• _Prompt_
Your task is to retype, exactly, the line containing "U-Ringnycklar i mm" and every later line through the end of the listing, with pictures omitted.
________
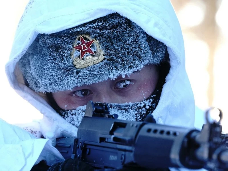 Ảnh minh họa - Một binh sĩ Trung Quốc tham gia huấn luyện dưới trời tuyết. Ảnh: TÂN HOA XÃ
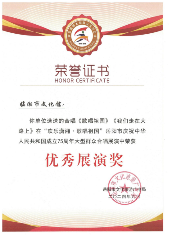 (通讯员 唐佳丽)9月3日,由临湘市文化馆选送的大合唱《歌唱祖国》《我们走在大路上》参加“欢乐潇湘·歌唱祖国”岳阳市庆祝中华人民共和国成立75周年大型群众合唱展演,获优秀展演奖。
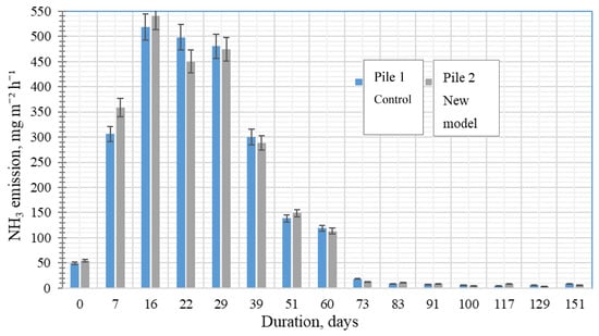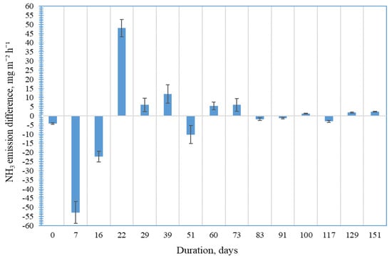 After analyzing the data, it was found that by the 16th day of experimental research, the ammonia emission increased significantly and reached the maximum values during the entire research period—on average up to 550 mg m−2h−1. From day 16, ammonia emissions decreased slightly on average to 470 mg m−2h−1. However, by day 40 of the study, it almost doubled, and from day 73, it increased more than 10 times. Therefore, it is further relevant to analyze how this variation was revealed by evaluating the differences between the control and the new model manure stack.
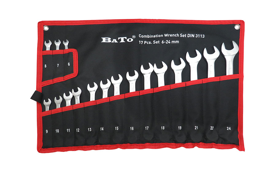 U-Ringnycklar i mm utförande enligt DIN 3113A standard med vinklat ringhuvud 15° vinkel. Tillverkad av kromvanadinstål, mattförkromad med halkfritt skaft. Satsen innehåller 17-delar: 6-7-8-9-10-11-12-13-14-15-16-17-18-19-21-22-24mm.
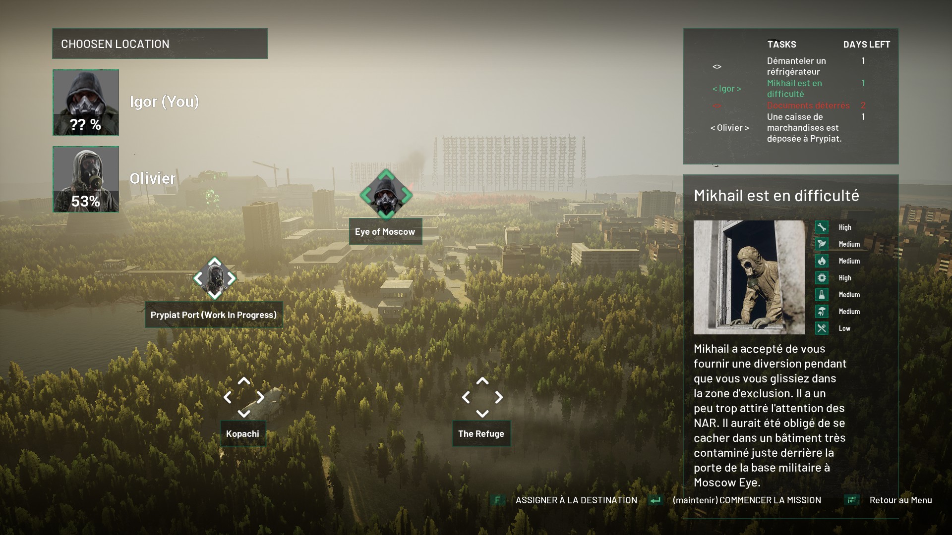 Après une introduction scriptée posant les bases du scénario, le joueur se trouve donc dans le Refuge. Celui-ci sert en réalité de hub : on peut y construire sa base d’opération à travers un système similaire à celui de Fallout 4, dialoguer avec ses compagnons d’armes et recevoir des quêtes via une radio, fabriquer du matériel, suivre l’avancement de l’investigation mais aussi sélectionner sa prochaine expédition via une vue aérienne de la Zone. Pour le moment, seuls 4 niveaux sont explorables et exploitables. L’aventure est sectionnée en jours, une expédition représentant une journée – certaines missions ont un temps limité pour être accomplies et il faut parfois faire des choix ou envoyer vos coéquipiers les remplir à votre place (avec plus ou moins de succès). Il existe deux types de missions : celles à objectifs scénarisés et celles, dites d’exploration, dans lesquelles vous visitez librement une zone à la recherche de ressources ou d’une rencontre fortuite. Une fois en jeu, vous vous retrouvez sur une carte de taille moyenne que vous pouvez arpenter comme bon vous semble – dans les limites imposées par les zones radioactives et les éléments de décors, évidemment.
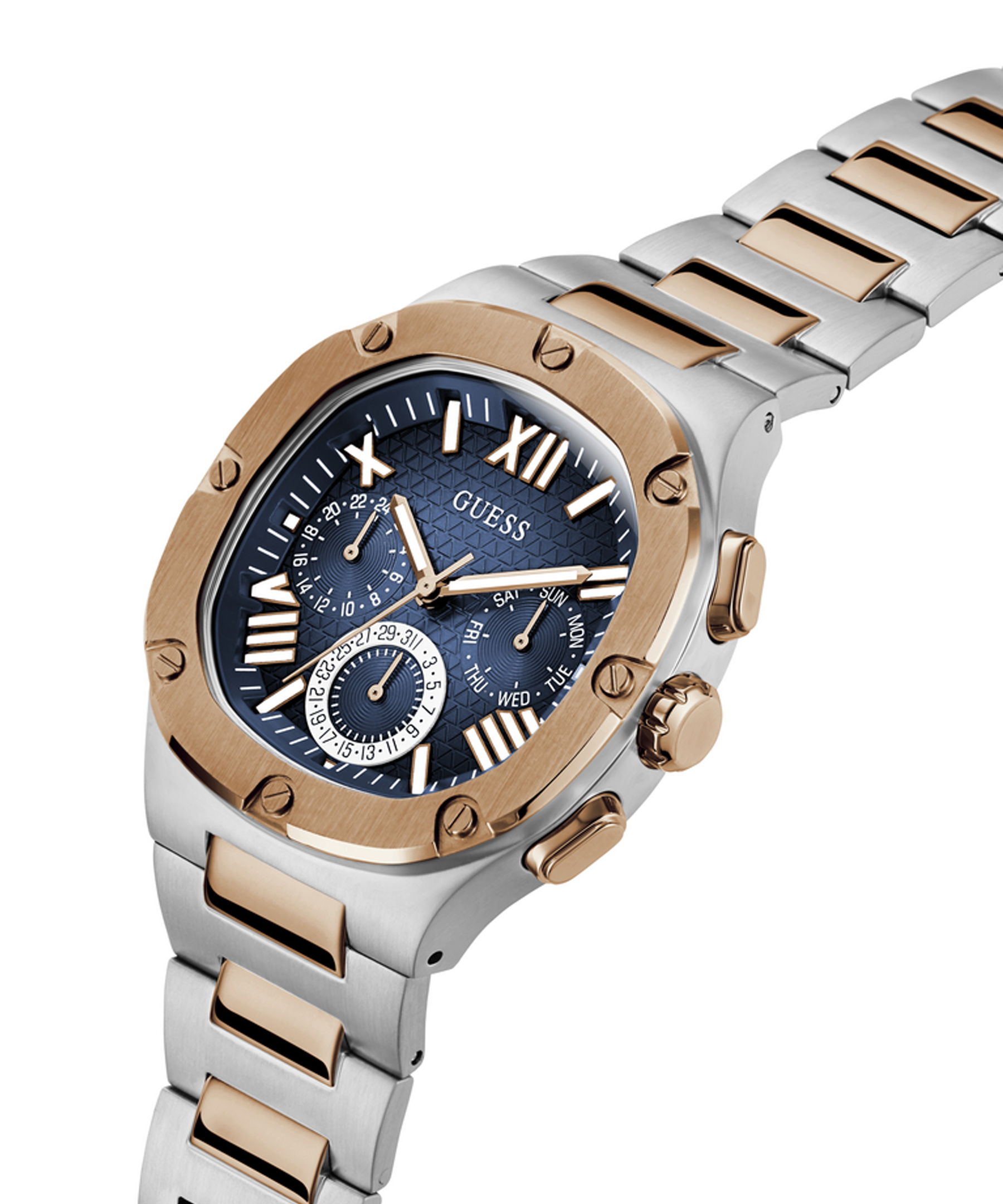 Оригінальний чоловічий наручний годинник GUESS. Колекція – GUESS DRESS. Годинник оснащений надійним кварцовим механізмом Miyota. Сталеві корпус та браслет з комбінованим покриттям Silver/Gold Tone. Діаметр корпусу – 42 мм, товщина – 10,1 мм. Безель оздоблений декоративними болтами. Аналоговий градієнт циферблат синього кольору. Стрілки та тимчасові мітки з люмінесцентним покриттям. Додатково – відображення дня тижня та дата. Водозахист 5 АТМ.
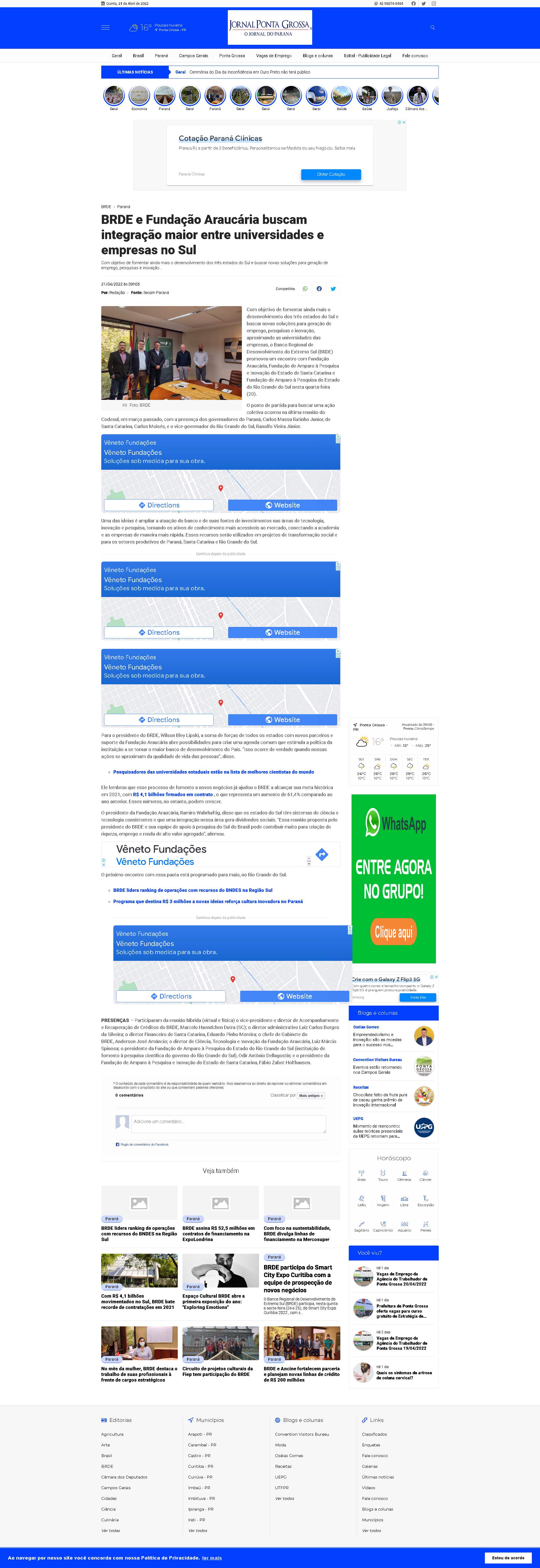 Fundação Araucária, Ramiro Wahrhaftig, disse que os estados do Sul têm sistemas de ciência e tecnologia consistentes e que uma integração nessa área gera dividendos sociais. “Essa reunião proposta pelo presidente do
________
• _Final answer_
 U-Ringnycklar i mm utförande enligt DIN 3113A standard med vinklat ringhuvud 15° vinkel. Tillverkad av kromvanadinstål, mattförkromad med halkfritt skaft. Satsen innehåller 17-delar: 6-7-8-9-10-11-12-13-14-15-16-17-18-19-21-22-24mm.
 Après une introduction scriptée posant les bases du scénario, le joueur se trouve donc dans le Refuge. Celui-ci sert en réalité de hub : on peut y construire sa base d’opération à travers un système similaire à celui de Fallout 4, dialoguer avec ses compagnons d’armes et recevoir des quêtes via une radio, fabriquer du matériel, suivre l’avancement de l’investigation mais aussi sélectionner sa prochaine expédition via une vue aérienne de la Zone. Pour le moment, seuls 4 niveaux sont explorables et exploitables. L’aventure est sectionnée en jours, une expédition représentant une journée – certaines missions ont un temps limité pour être accomplies et il faut parfois faire des choix ou envoyer vos coéquipiers les remplir à votre place (avec plus ou moins de succès). Il existe deux types de missions : celles à objectifs scénarisés et celles, dites d’exploration, dans lesquelles vous visitez librement une zone à la recherche de ressources ou d’une rencontre fortuite. Une fois en jeu, vous vous retrouvez sur une carte de taille moyenne que vous pouvez arpenter comme bon vous semble – dans les limites imposées par les zones radioactives et les éléments de décors, évidemment.
 Оригінальний чоловічий наручний годинник GUESS. Колекція – GUESS DRESS. Годинник оснащений надійним кварцовим механізмом Miyota. Сталеві корпус та браслет з комбінованим покриттям Silver/Gold Tone. Діаметр корпусу – 42 мм, товщина – 10,1 мм. Безель оздоблений декоративними болтами. Аналоговий градієнт циферблат синього кольору. Стрілки та тимчасові мітки з люмінесцентним покриттям. Додатково – відображення дня тижня та дата. Водозахист 5 АТМ.
 Fundação Araucária, Ramiro Wahrhaftig, disse que os estados do Sul têm sistemas de ciência e tecnologia consistentes e que uma integração nessa área gera dividendos sociais. “Essa reunião proposta pelo presidente do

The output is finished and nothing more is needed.